• **Activity**: Go through the data and copy every line exactly, but not the images.

• **Raw data**:

━━━

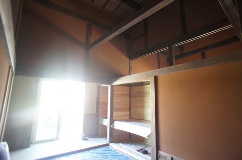茅葺屋根の古民家の様に、光の陰影に魅了される空間が出来上がりに近づいているのを告げています。
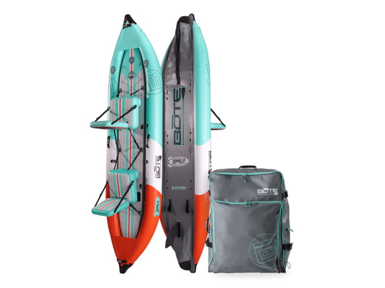 The result of a timely tryst between a highly utilitarian father and a swiss army-like mother, the Zeppelin is the most versatile kayak in the BOTE waters. A self-draining hull, removable floor chamber, and optional second seat differentiate the Zeppelin from its stablemates. An inflatable watership that welcomes the individual and tandem alike.
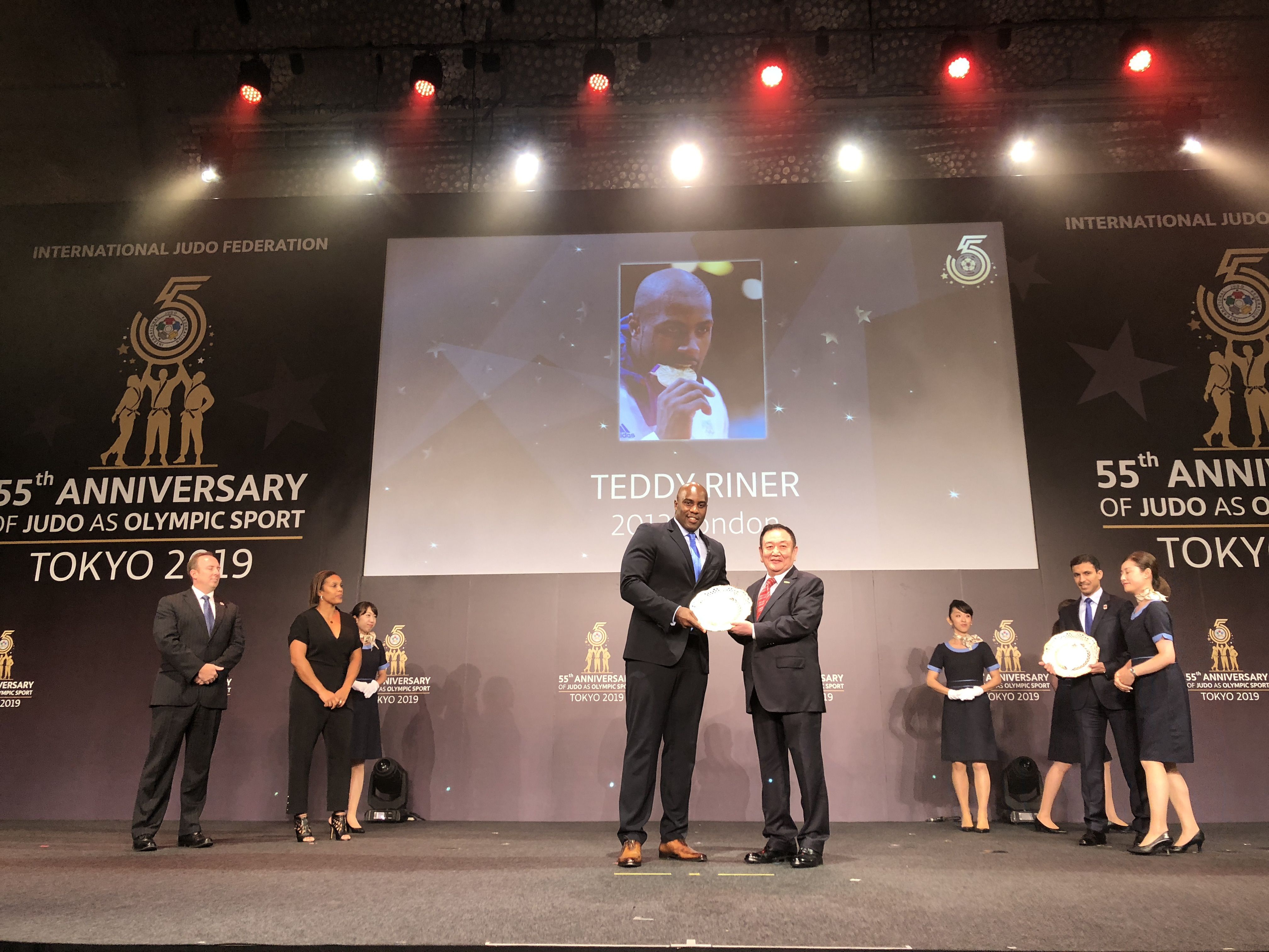 8月23日,在2019年世界柔道錦標賽開賽前,國際柔道聯合會在日本東京舉行慶典活動,紀念柔道運動作為奧林匹克運動項目55周年這一歷史時刻。儀式上,國際柔道聯合會將近60年來為世界柔道運動做出貢獻的運動員與組織機構頒發獎項。泰山體育產業集團作為國際柔道聯合會頂級合作伙伴受邀出席,董事長卞志良作為特邀嘉賓為倫敦奧運會最佳男運動員Mr. Teddy Riner,倫敦奧運會最佳女運動員Mrs. Lucie Decosse 頒獎。
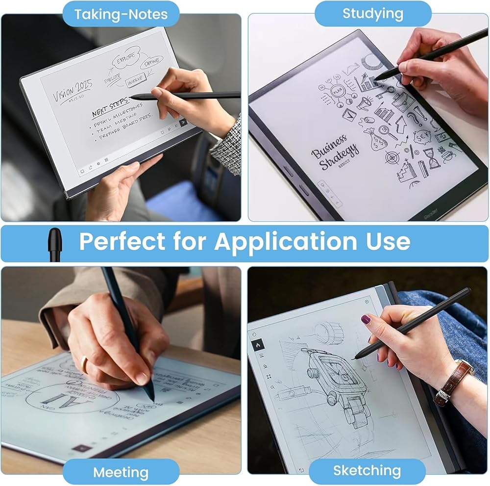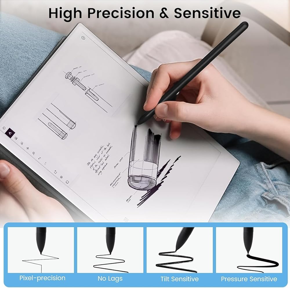 【Precision & Paper-Feel Writing】: With a high precision nib designed for meticulous note-taking and creative expressions,our remarkable 2 tips are engineered to provide a genuine paper-like texture, enhancing focus and efficiency on any ePaper device,offering a comfortable tilt-writing feature for versatile sketching, drawing, and note-taking.

━━━

• **Your solution**:
茅葺屋根の古民家の様に、光の陰影に魅了される空間が出来上がりに近づいているのを告げています。
 The result of a timely tryst between a highly utilitarian father and a swiss army-like mother, the Zeppelin is the most versatile kayak in the BOTE waters. A self-draining hull, removable floor chamber, and optional second seat differentiate the Zeppelin from its stablemates. An inflatable watership that welcomes the individual and tandem alike.
 8月23日,在2019年世界柔道錦標賽開賽前,國際柔道聯合會在日本東京舉行慶典活動,紀念柔道運動作為奧林匹克運動項目55周年這一歷史時刻。儀式上,國際柔道聯合會將近60年來為世界柔道運動做出貢獻的運動員與組織機構頒發獎項。泰山體育產業集團作為國際柔道聯合會頂級合作伙伴受邀出席,董事長卞志良作為特邀嘉賓為倫敦奧運會最佳男運動員Mr. Teddy Riner,倫敦奧運會最佳女運動員Mrs. Lucie Decosse 頒獎。
 【Precision & Paper-Feel Writing】: With a high precision nib designed for meticulous note-taking and creative expressions,our remarkable 2 tips are engineered to provide a genuine paper-like texture, enhancing focus and efficiency on any ePaper device,offering a comfortable tilt-writing feature for versatile sketching, drawing, and note-taking.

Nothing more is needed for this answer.